Closed liufuyang closed 5 years ago
I don't know why sklearn gives those probabilities, but just eyeballing I think they look off. Why should it be 98% sure of "sweater" for 0 degrees, when there's equal evidence for sweater around -100 and evidence for t-shirt around +100. I'd think it should be 50/50, which I'm guessing is also what Blayze says. Maybe the partial_fit isn't doing what you think it is.
the big difference is introduce by slight diff of variance!
noticing the 98.0 and 98.2 diff!
our model output is {t-shirt=0.04812839716239359, sweater=0.9518716028376064}
I am wondering why this 0.95
and0.98
diff. seems a bit too large.
Ah, yes. Ok. Then the high probability makes sense.
I'm don't understand how sklearn computes the variance. I think they use the method suggested here: http://i.stanford.edu/pub/cstr/reports/cs/tr/79/773/CS-TR-79-773.pdf We use http://citeseerx.ist.psu.edu/viewdoc/download?doi=10.1.1.302.7503&rep=rep1&type=pdf
I think we're down to numerical rounding issues. Both of the gaussian distributions are very very close to 0 probability at 0 degrees. Tiny differences in the variance will start playing in here. I encourage you to compute the exact variances and see which method is closer.
Since we've upgraded to Bayesian Naive Bayes and sklearn uses Maximum Likelihood Naive Bayes, they should no longer give the same results.
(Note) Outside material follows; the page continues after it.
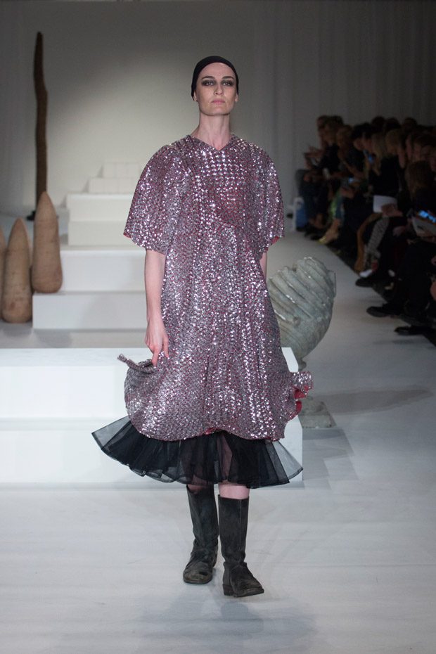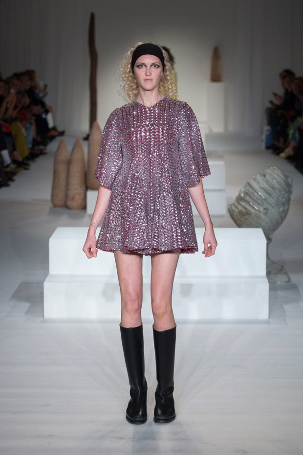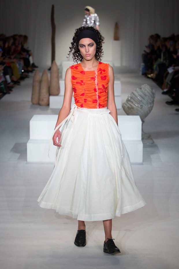 A refreshed focus on detail and craft forms the basis of the collection. Silhouettes are refined through cutting and contrasting weights—densely gathered cotton, sequins, and sport taffetas are elevated through new methods of manipulation.“

Closing.
I seem to find a few issues that I don't know if they are really matters. I will create two issues and separate the discussion on the issue page.
Please take a look at the first test
test_gaussian_by_comparing_scikit_learn_output
added on PR: https://github.com/Tradeshift/blayze/pull/16Why our gaussian output looks different a scikit-learn output.
I also can't understand the code in the gaussain feature for calculate it's log prob. I am looking at this http://citeseerx.ist.psu.edu/viewdoc/download?doi=10.1.1.302.7503&rep=rep1&type=pdf also http://i.stanford.edu/pub/cstr/reports/cs/tr/79/773/CS-TR-79-773.pdf
but can't see how our
delta
delta2
m2
matches the equation in those papers.